Due to the low frequency of GG genotype in our population (2 cases, 0.6%), we could not recall the patients because the data file had been decoded for identification. We examined DC-SIGN (CD209) expression in both mRNA level of MDDCs and protein level on their cell surface from healthy subjects with AA or AG genotype by quantitative RT-PCR and flow cytometry, respectively. A significant increase in CD209 mRNA expression was detected in the MDDCs from individuals with AG genotype than those from individuals with AA genotype (p = 0.032, Fig 1B). Similarly, individuals with AG genotype had a significantly higher cell surface DC-SIGN expression (p = 0.029; Fig 1D). However, the surface DC-SIGN expression declined rapidly along with DEN-2 infection on MDDCs from both genotypes' subjects, which showed no difference at 24, 48, and 72 h post-infection (Fig. 2A).

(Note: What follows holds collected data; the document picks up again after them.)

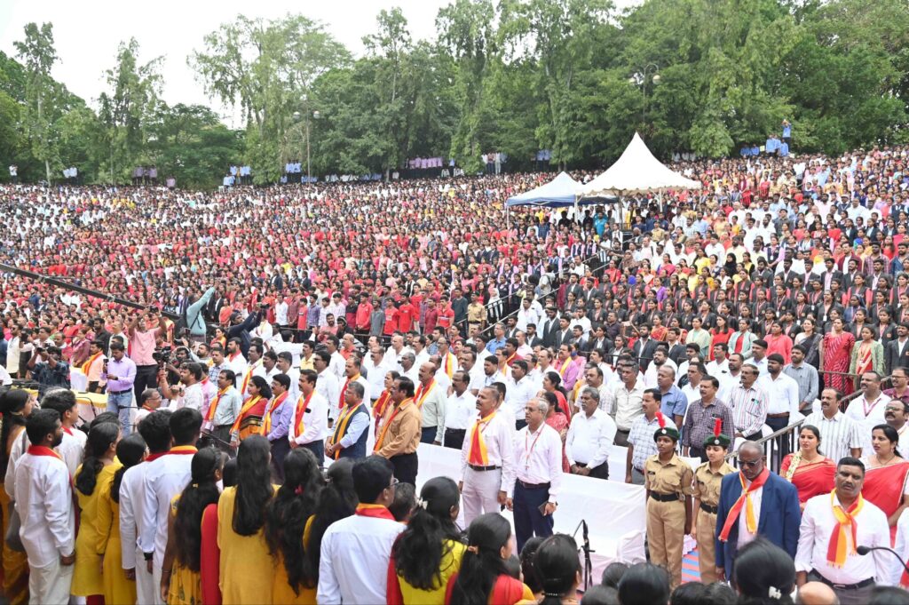 ಕವಿಗೋಷ್ಠಿಗೂ ಮುನ್ನ ಬಯಲು ರಂಗಮಂದಿರದಲ್ಲಿ ಸೇರಿದ್ದ ಸಹಸ್ರಾರು ಮಂದಿ ಯುವ ಮನಸ್ಸುಗಳು ಸೇರಿ ನಾಡಗೀತೆ ನೂರರ ಸಂಭ್ರಮದ ಅಂಗವಾಗಿ ಸಾಮೂಹಿಕವಾಗಿ ನಾಡಗೀತೆಯನ್ನು ಹಾಡುವ ಮೂಲಕ ದಾಖಲೆ ಬರೆದರು. ಆ ಮೂಲಕ ಸಾವಿರಾರು ಮಂದಿ ಒಮ್ಮೆಲೆ ನಾಡಗೀತೆ ಹಾಡಿ ಗಮನ ಸೆಳೆದರು.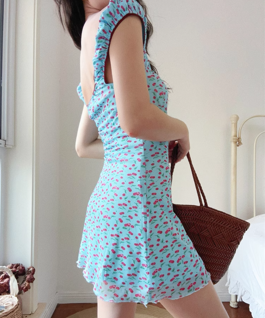 Sweet style holiday casual square neck strap sleeveless A-line dress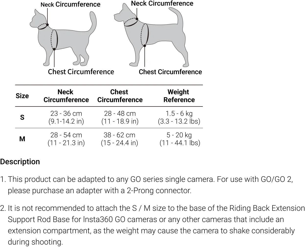 Insta360 Pet Harness Mount Size S For GO 3S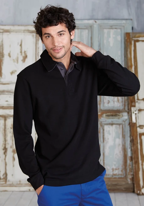 100 % Cotton rib (85 % cotton 15 % viscose for Grey). Contrast chevron taped neck and side vents. Concealed 3-button placket. Contrast collar reverse and inner placket. Locker patch. Cuffed sleeves. Twin needle finishing.
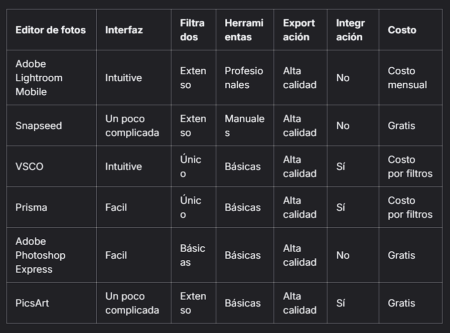 En la comparativa de editores de fotos móviles, hay opciones gratuitas y pagas que pueden satisfacer diferentes necesidades y presupuestos. Considerando criterios específicos de valoración, podemos concluir que Adobe Lightroom Mobile es el editor de fotos móvil más completo y profesional, mientras que Snapseed ofrece una amplia gama de herramientas avanzadas y de uso fácil. Otros editores como VSCO, Prisma, Adobe Photoshop Express y PicsArt también tienen sus ventajas y desafortunadamente, cada usuario debe evaluar sus necesidades y elegir el editor de fotos móvil que mejor se adapte a ellas.

To investigate whether the rs4804803 SNP was correlated to viral replication, we measured DEN-2 RNA copies in MDDCs with AA or AG genotype of rs4804803 at 24, 48, and 72 h post-infection. DEN-2 replication was significantly higher in MDDCs from individuals with AA genotype than those with AG genotype at 48 h post-infection (1.07±0.45×10⁶ copies/10⁵ cells vs. 3.90±0.67×10⁶ copies/10⁵ cells, p = 0.006) and 72 h post-infection (4.83±0.70×10⁵ copies/10⁵ cells vs. 2.32±0.68×10⁶ copies/10⁵ cells, p = 0.003; Fig. 2B). Viral replication, as measured at 72 h post-infection, increased more remarkably in MDDCs at MOI of 5 and 10 (p<0.001 and 0.002, respectively; Fig. 2C).

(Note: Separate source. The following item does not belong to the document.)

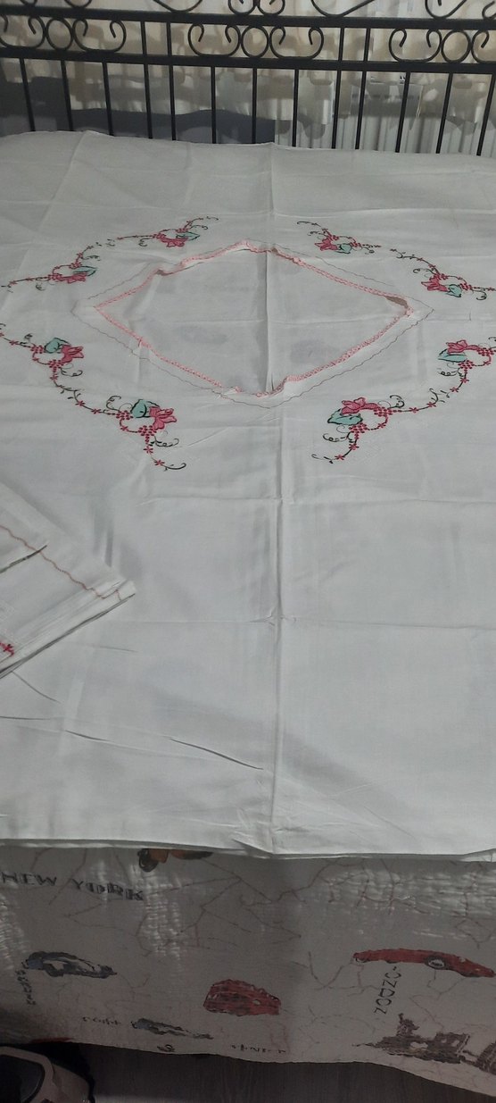 Pastel nakışlı çiçek desenlerine sahip beyaz gobekli nevresim takımı

To investigate whether higher cell surface DC-SIGN expression was correlated with immune response, we investigated kinetic cytokine/chemokine production by MDDCs from individuals with AA or AG genotype of rs4804803. Results showed that MDDCs with AG genotype had significantly higher TNFα production than those with AA genotype at 24 and 48 hr post-infection (303.51±66.75 pg/mL vs. 143.97±68.80 pg/mL and 202.35±19.35 pg/mL vs. 73.00±9.55 pg/mL; p = 0.021 and 0.002, respectively; Fig 3A). IL-12p40 production significantly increased by MDDCs with AG genotype than those with AA genotype at 24, 48, and 72 h post-infection (p<0.001, 0.007 and 0.001, respectively; Fig 3B). We also measured the concentration of two chemokines, MCP-1 and IP-10, which had been implicated in the recruitment and stimulation of monocytes, macrophages, dendritic cells, NK cells, and T lymphocytes ^[25]. It was found that IP-10, but not MCP-1, production was significantly higher by MDDCs with AG genotype than those with AA genotype at 24, 48, and 72 h post-infection (620.60±175.56 pg/mL vs. 243.02±41.64 pg/mL, 889.92±91.46 pg/ml vs. 168.02±24.02 pg/mL, and 614.44±49.16 pg/mL vs. 322.32±69.62 pg/mL; p = 0.034, 0.009 and 0.010, respectively; Fig 3C). The MCP-1 levels peaked at 48 hr in subjects with both genotypes', but there was no significant difference between AA genotype and AG genotype (550.72±60.73 pg/mL vs. 463.92±66.80 pg/mL, p = 0.157; Fig. 3D).

IP-10, produced by non-infected bystander DCs in response to DEN infection, is a potent chemoattractant for activated T and NK cells ^[26], and the modulation of adaptive immune response ^[27]. IP-10 has also been known to inhibit the binding ability of DEN in immortalized cells ^[28]. In our MDDC model, cells from individuals with AG genotype exhibited an augmented innate immune reaction, showing higher IP-10 production, post-infection (Figure 3C). Based on these results, we hypothesized that DEN-infected MDDCs with AG genotype produced higher levels of IP-10, which might block viral entry or viral replication in MDDCs. We used an anti-IP-10 neutralizing mAb to block endogenous IP-10 production by MDDCs. With both genotypes, the viral replication 24 h post DEN infection increased significantly more in the presence of neutralizing antibody than in the absence of neutralizing antibody (p = 0.034 and 0.040, respectively; Fig. 4A). IP-10 production by MDDCs from individuals with AG genotype significantly decreased (795.3±368.1 pg/mL vs. 273.8±87.8 pg/mL; p = 0.037), but it did not decrease in MDDCs from individuals with AA genotype (329.8±114.2 pg/mL vs. 201.8±87.0 pg/mL; p = 0.091; Fig. 4B). These results suggest that IP-10 produced by MDDCs is involved in the viral replication of DEN infection.